9 Questions to Ask When Shopping for a New Home Downtown

Panoramic view of downtown Boise in the autumn.

Panoramic view of downtown Boise in the autumn.

When searching for a new home, it’s important to clarify your wants and needs for both your house and neighborhood. When you figure this out, shop for those qualities. 

If your ideal location is a mixed block of shops, bars, restaurants and residences, you belong in a very urban area. But what should you take into account when looking for a new home, condo or townhome downtown?

Here are nine things to consider when reviewing home listings in urban neighborhoods:

1. Is the neighborhood safe?

Location is everything when it comes to picking out your future home. Agent Wendy Arriz of Warburg Realty(http://www.warburgrealty.com/) in Manhattan recommends checking out the police and crime reports in the area to gauge neighborhood safety. There are other clues too – active neighborhood associations and block watches signal a tight-knit community that looks out for one another. 

2. Are there ample parking options?

When you live in the heart of the city, parking can be a struggle. Check to see if your place includes a dedicated parking spot or if one can be purchased. Are there nearby garages and ample street parking for guests? 

3. How accessible are amenities and public transportation? 

Closely tied to parking is the level of access to amenities and public transport. While you’re getting jazzed about the brewery around the corner and your cute new morning latte stop, don’t forget to check for practical amenities too. 

What shops, schools, grocery stores, and parks are easily accessible from your new location? Where is the nearest post office? Are there nearby bus stops, subway lines or trams?
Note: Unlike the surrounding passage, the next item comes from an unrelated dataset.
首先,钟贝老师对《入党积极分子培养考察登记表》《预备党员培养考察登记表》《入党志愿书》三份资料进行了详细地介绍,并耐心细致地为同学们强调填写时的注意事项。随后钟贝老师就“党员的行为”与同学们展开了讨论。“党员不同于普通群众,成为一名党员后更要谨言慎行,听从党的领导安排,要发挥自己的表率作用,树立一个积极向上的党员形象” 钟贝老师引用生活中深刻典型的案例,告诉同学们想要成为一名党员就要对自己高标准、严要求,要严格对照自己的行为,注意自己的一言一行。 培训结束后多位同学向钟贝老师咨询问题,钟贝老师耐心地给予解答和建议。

Homes near high-frequency public transport are in high demand and also command value. 

4. What’s the area like during the daytime and nighttime?
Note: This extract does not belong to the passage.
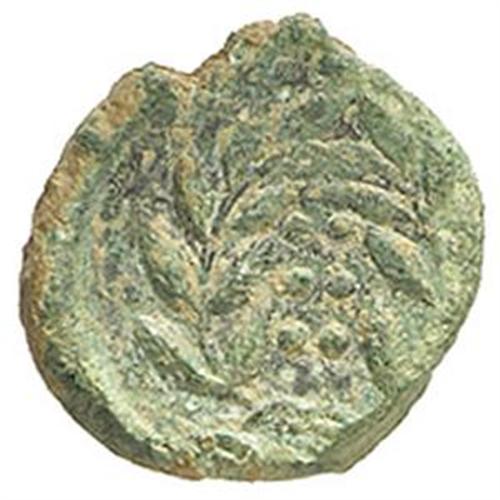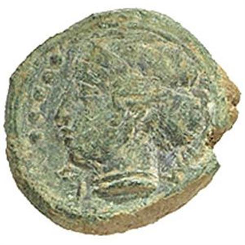 Sicilia. Himera. Emilitra, dopo il 420 a.C. D/ Testa di ninfa a sinistra. Davanti, sei globetti. R/ Sei globetti entro corona d'alloro. Calc. 35/7. gr. 4.32 AE. qSPL. Patina verde.

Another Warburg Realty agent, Allison Chiaramonte, urges clients to visit their potential new block outside the standard 10-5 PM. An early morning or nighttime visit will reveal the truth about noise levels, and could uncover unforeseen issues. Whether it’s a noisy restaurant or trucks making early morning deliveries outside your window, it’s better to know before you sign a deal.

5. How does the home measure up, literally?

Chiaramonte also points out that with new constructions such as a condo or townhome, listed square footages may include parts of common space such as stairwells and hallways. This form of measurement may encompass anywhere from 200–400 square feet, so if the space feels smaller than what you were expecting, this could be the culprit. Just be prepared and you’ll be less likely to be disappointed. 

6. Will you be surrounded by new construction and growth?

Urban neighborhoods are always changing. Do some research to determine whether your potential new hood is up-and-coming or in decline. Check the quality of the schools, what types of businesses are opening up, and look into the building plans for the area. New construction can affect everything from your property taxes, your home’s value, and even your views.  

7. How pricey are HOA fees and requirements?

When you buy a new townhome or condo, you could be buying into a community with an obligatory homeowners' association (HOA) fee. Be sure to ask about the potential monthly HOA fees and what they cover. You can also look into the history to see how fees have risen over the years, what they’ve been spent on, and any other important clauses that affect how you can use your space. 

8. How would this new home location impact your daily commute?

Is living in the city putting you closer to work or farther? Is your route to work walkable, bikeable, or reachable by bus? If you have to take your car, how long is the commute and what is the traffic like in your area of the city? Studies show that a long or stressful commute can have a very real (negative) effect on your sanity and overall happiness.

9. What’s the neighborhood ratio of renters to owners?

If you value a neighborly community, check the neighborhood’s renter-to-ownership-ratio. Typically, renters are more mobile than homeowners. Longtime residents tend to make friends, watch out for one another, and invest in their homes. You can get a sense about the renter-owner balance by asking agents and locals.

Rebecca Rosenberg is an international digital media consultant and freelance writer.